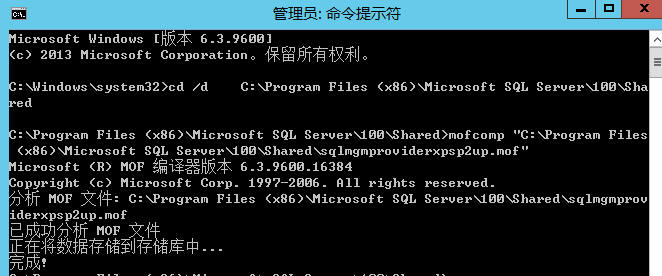 2、mofcomp "C:Program Files (x86)Microsoft SQL Server100Sharedsqlmgmproviderxpsp2up.mof"
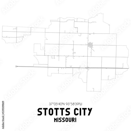 Naklejka premium Stotts City Missouri. US street map with black and white lines.
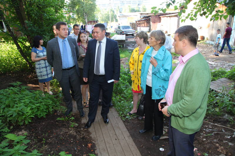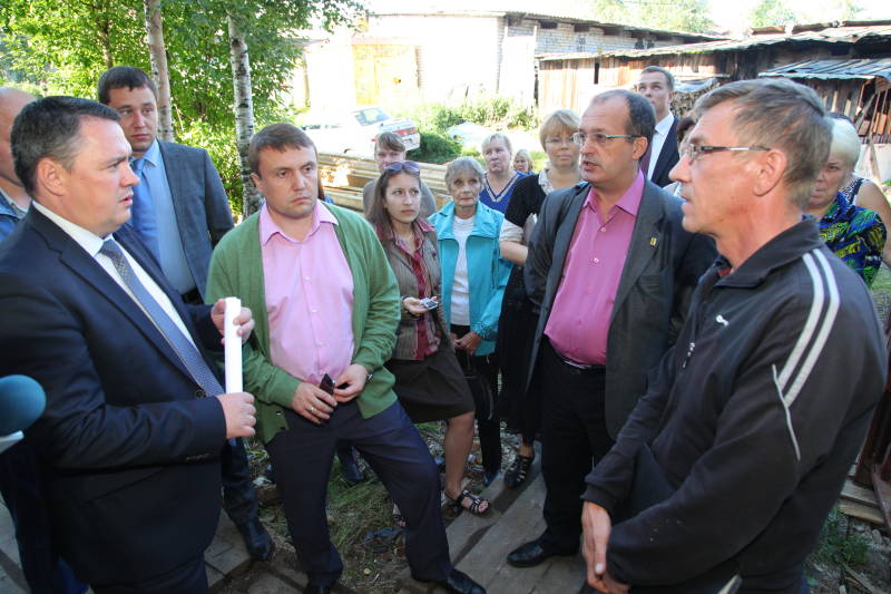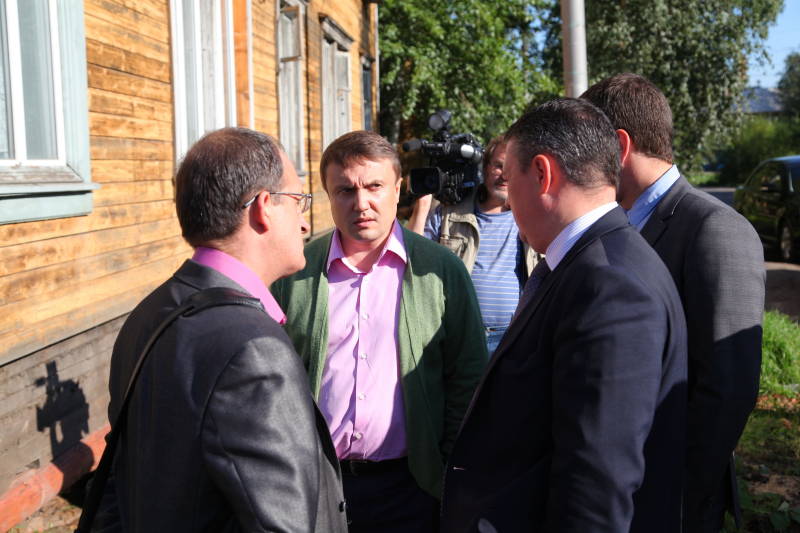 - Рабочая поездка председателя городской Думы Сергея Моисеева и зам. мэра по городскому хозяйству Святослава Чиненова на строительство бани на 2-м лесозаводе, 06.08.13
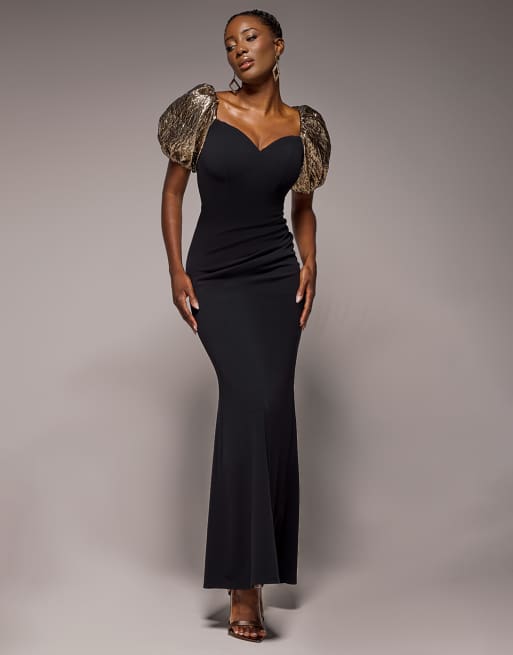 Goddiva – Maxikleid aus Jacquard in Schwarz mit Puffärmeln und Herzausschnitt
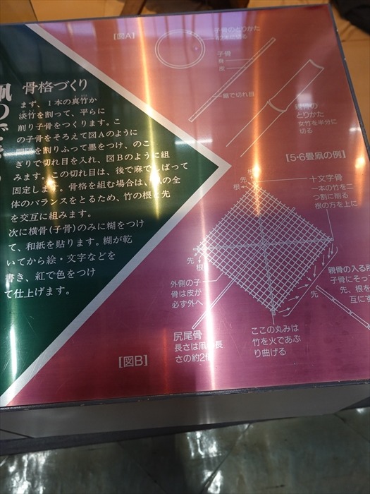 「凧のできるまで1️⃣骨格づくります、1本の真竹か淡竹を割って、平らに削り子骨をつくります。の子骨をそろえて図Aのように間隔を割りふって墨をつけ、のこぎりで切れ目を入れ、図Bのように組みます。この切れ目は、後で麻でしばって固定します。骨格を組む場合は、凧の全体のバランスをとるため、竹の根と先を交互に組みます。次に横骨(子骨)のみに糊をつけて、和紙を貼ります。糊が乾いてから絵・文字などを書き、紅で色をつけて仕上げます。」「凧のできるまで2️⃣糸目つけ凧本体が完成すると、糸目がつけられます。浜松まつりに参加する各町にはそれぞれの指導者がいて、凧合戦の戦略を考え、糸目つけにあたります。糸目の焦点には基準があります。この基準より上に焦点を合わせることを「ノシ」といい、凧はやや下向きに揚がります。また、下に焦点を合わせることを「タチ」といい、凧はやや上向きに揚がります。同大の凧でも焦点によって、尻尾のつけ方も違っています。」「凧合戦その技と用具五月晴れの大空、勇壮に乱舞する大凧------。凧合戦は、糸の摩擦で相手の凧糸を切り、勝敗を競います。空中で凧糸が絡み合うと、合戦が始まります。相手凧に勝つには、糸先(組長)の合図によって行われる転機(滑車)の操作や、この時の強いチームワークがポイントとなり、各町組員の団結力が勝敗の如何を左右します。凧合戦の熱気あふれるムードをさらに盛りあげるのが、高らかに鳴る進軍ラッパです。この音によって、若衆たちの血は一層たぎり、合戦はますます白熱化します。」「凧合戦の基本技術420余年にわたる長い凧揚げの歴史から、各種の凧揚げ技術(わざ)が生み出され、いまに伝えられています。その基本となる技術としては「釣り揚げ」、「のん乗り」、「ちょん掛け」の3つがあります。風向きや風の強さを考えながら、これらの技術をあやつります。」創作和紙人形「凧揚げまつり」。「創作和紙人形「凧揚げまつり」 創作和紙人形 華扇会 寄贈華扇会は、1974年浜松市美術館で第1回華扇会展を開催。その後全日本和紙人形展(東京・大阪)や県立美術館移動展(静岡)に参加するなど活躍。現在はニ代目華扇が指導。なお、当展示品は1998年、ウィーンジャパンフェスティバル展に出品されたものです。華扇会 指導:田畑華扇 制作:大石小扇・大山寿扇・北田芳扇。小松永扇。永田舟扇。宮島」「凧揚げまつり」・「凧合戦」の写真をネットから。再び「大凧展示室」の大凧を見上げる。このあたりは文字一文字の凧が多い。移動して。「浜松まつり」の絵画作品。「「浜松まつり」寄贈 吉永敏子 氏」「大凧展示室」振り返って。ズームして。大凧「幸福」。「「政令指定都市幸福度ランキング」で永年にわたり首位を争っている浜松市を顕彰し、2022年10月「YES !家康プロジェクト浜松」の後援を受け、中田島で揚げられた大凧です。 揮毫 中澤希水」「174ヶ町の凧絵・手拭い 一挙展示中!」と。「凧絵・手拭い」「手拭」。再び「大凧」を。再び「法被」の展示コーナーを。この正規の法被着用者のみが凧揚げに参加できる とのこと。近づいて。手前には凧揚げ合戦の道具を展示。大凧を揚げるために欠かせない道具が「糸枠」👈️リンク。特に糸切り合戦では糸を出したり引いたり、忙しく動き回る為の必須道具と。。「大正時代の【か組】の法被」「大正時代の【か組】の法被故山田有ー氏より寄贈山田氏は、大正14年誕生、翌年の初凧の祝いの時にお父様か着用した法被であり、昭和21年より、この法被を山田氏が着て祭りに参加した。したがって、よく見ると背中が合戦の凧糸で擦り切れて、他の法被から柄合わせし縫い合わせた跡か残っている。」「鍛冶町法被」。「故山田 有一様が所有していた昭和3年御大典昭和天皇即位の年に製作された鍛冶町法被お孫様より浜松まつり会館に寄贈していたたきました」凧の展示コーナーから御殿屋台展示コーナーへ。通路の両脇に参加各町の御殿屋台の写真が並んでいた。「浜松まつり 各町の御殿屋台」。「浜松まつり 各町の御殿屋台」がパネル展示されていた。両側で総計92台?を紹介。中央をズームして(左)。「東田町」の御殿屋台の写真。中央をズームして(右)。「和合町」の御殿屋台の写真。「ご殿屋台の由来夕暮れと共に、祭りの舞台は市内中心部へと移り、ご殿屋台の引き回しが始まります。屋台の歴史は、明治末ごろ、凧揚げ会場へ弁当や湯茶を運んだ大八車に、凧を積んだのが始まりといわれています。大正期になると、造花や提灯を飾りつけた”底抜け屋台”が作られ、昭和4年には彫刻で飾りたてたご殿屋台が登場しました。年々屋台は豪華なものとなり、伝統の祭りは一層華やかさを増して、市民や観光客の目を楽しませています。」明治末頃:荷物を積んだ大八車大正期:底抜け屋台昭和初期:御殿屋台 と進化。「新町ご殿屋台様式・・・二層桃山大唐破風造り彫刻テーマ・・・日本昔ばなし」。正面の「御殿屋台展示」が床

_____

Every entry, word for word: repeat it, but skip the images.

 2、mofcomp "C:Program Files (x86)Microsoft SQL Server100Sharedsqlmgmproviderxpsp2up.mof"
 Naklejka premium Stotts City Missouri. US street map with black and white lines.
 - Рабочая поездка председателя городской Думы Сергея Моисеева и зам. мэра по городскому хозяйству Святослава Чиненова на строительство бани на 2-м лесозаводе, 06.08.13
 Goddiva – Maxikleid aus Jacquard in Schwarz mit Puffärmeln und Herzausschnitt
 「凧のできるまで1️⃣骨格づくります、1本の真竹か淡竹を割って、平らに削り子骨をつくります。の子骨をそろえて図Aのように間隔を割りふって墨をつけ、のこぎりで切れ目を入れ、図Bのように組みます。この切れ目は、後で麻でしばって固定します。骨格を組む場合は、凧の全体のバランスをとるため、竹の根と先を交互に組みます。次に横骨(子骨)のみに糊をつけて、和紙を貼ります。糊が乾いてから絵・文字などを書き、紅で色をつけて仕上げます。」「凧のできるまで2️⃣糸目つけ凧本体が完成すると、糸目がつけられます。浜松まつりに参加する各町にはそれぞれの指導者がいて、凧合戦の戦略を考え、糸目つけにあたります。糸目の焦点には基準があります。この基準より上に焦点を合わせることを「ノシ」といい、凧はやや下向きに揚がります。また、下に焦点を合わせることを「タチ」といい、凧はやや上向きに揚がります。同大の凧でも焦点によって、尻尾のつけ方も違っています。」「凧合戦その技と用具五月晴れの大空、勇壮に乱舞する大凧------。凧合戦は、糸の摩擦で相手の凧糸を切り、勝敗を競います。空中で凧糸が絡み合うと、合戦が始まります。相手凧に勝つには、糸先(組長)の合図によって行われる転機(滑車)の操作や、この時の強いチームワークがポイントとなり、各町組員の団結力が勝敗の如何を左右します。凧合戦の熱気あふれるムードをさらに盛りあげるのが、高らかに鳴る進軍ラッパです。この音によって、若衆たちの血は一層たぎり、合戦はますます白熱化します。」「凧合戦の基本技術420余年にわたる長い凧揚げの歴史から、各種の凧揚げ技術(わざ)が生み出され、いまに伝えられています。その基本となる技術としては「釣り揚げ」、「のん乗り」、「ちょん掛け」の3つがあります。風向きや風の強さを考えながら、これらの技術をあやつります。」創作和紙人形「凧揚げまつり」。「創作和紙人形「凧揚げまつり」 創作和紙人形 華扇会 寄贈華扇会は、1974年浜松市美術館で第1回華扇会展を開催。その後全日本和紙人形展(東京・大阪)や県立美術館移動展(静岡)に参加するなど活躍。現在はニ代目華扇が指導。なお、当展示品は1998年、ウィーンジャパンフェスティバル展に出品されたものです。華扇会 指導:田畑華扇 制作:大石小扇・大山寿扇・北田芳扇。小松永扇。永田舟扇。宮島」「凧揚げまつり」・「凧合戦」の写真をネットから。再び「大凧展示室」の大凧を見上げる。このあたりは文字一文字の凧が多い。移動して。「浜松まつり」の絵画作品。「「浜松まつり」寄贈 吉永敏子 氏」「大凧展示室」振り返って。ズームして。大凧「幸福」。「「政令指定都市幸福度ランキング」で永年にわたり首位を争っている浜松市を顕彰し、2022年10月「YES !家康プロジェクト浜松」の後援を受け、中田島で揚げられた大凧です。 揮毫 中澤希水」「174ヶ町の凧絵・手拭い 一挙展示中!」と。「凧絵・手拭い」「手拭」。再び「大凧」を。再び「法被」の展示コーナーを。この正規の法被着用者のみが凧揚げに参加できる とのこと。近づいて。手前には凧揚げ合戦の道具を展示。大凧を揚げるために欠かせない道具が「糸枠」👈️リンク。特に糸切り合戦では糸を出したり引いたり、忙しく動き回る為の必須道具と。。「大正時代の【か組】の法被」「大正時代の【か組】の法被故山田有ー氏より寄贈山田氏は、大正14年誕生、翌年の初凧の祝いの時にお父様か着用した法被であり、昭和21年より、この法被を山田氏が着て祭りに参加した。したがって、よく見ると背中が合戦の凧糸で擦り切れて、他の法被から柄合わせし縫い合わせた跡か残っている。」「鍛冶町法被」。「故山田 有一様が所有していた昭和3年御大典昭和天皇即位の年に製作された鍛冶町法被お孫様より浜松まつり会館に寄贈していたたきました」凧の展示コーナーから御殿屋台展示コーナーへ。通路の両脇に参加各町の御殿屋台の写真が並んでいた。「浜松まつり 各町の御殿屋台」。「浜松まつり 各町の御殿屋台」がパネル展示されていた。両側で総計92台?を紹介。中央をズームして(左)。「東田町」の御殿屋台の写真。中央をズームして(右)。「和合町」の御殿屋台の写真。「ご殿屋台の由来夕暮れと共に、祭りの舞台は市内中心部へと移り、ご殿屋台の引き回しが始まります。屋台の歴史は、明治末ごろ、凧揚げ会場へ弁当や湯茶を運んだ大八車に、凧を積んだのが始まりといわれています。大正期になると、造花や提灯を飾りつけた”底抜け屋台”が作られ、昭和4年には彫刻で飾りたてたご殿屋台が登場しました。年々屋台は豪華なものとなり、伝統の祭りは一層華やかさを増して、市民や観光客の目を楽しませています。」明治末頃:荷物を積んだ大八車大正期:底抜け屋台昭和初期:御殿屋台 と進化。「新町ご殿屋台様式・・・二層桃山大唐破風造り彫刻テーマ・・・日本昔ばなし」。正面の「御殿屋台展示」が床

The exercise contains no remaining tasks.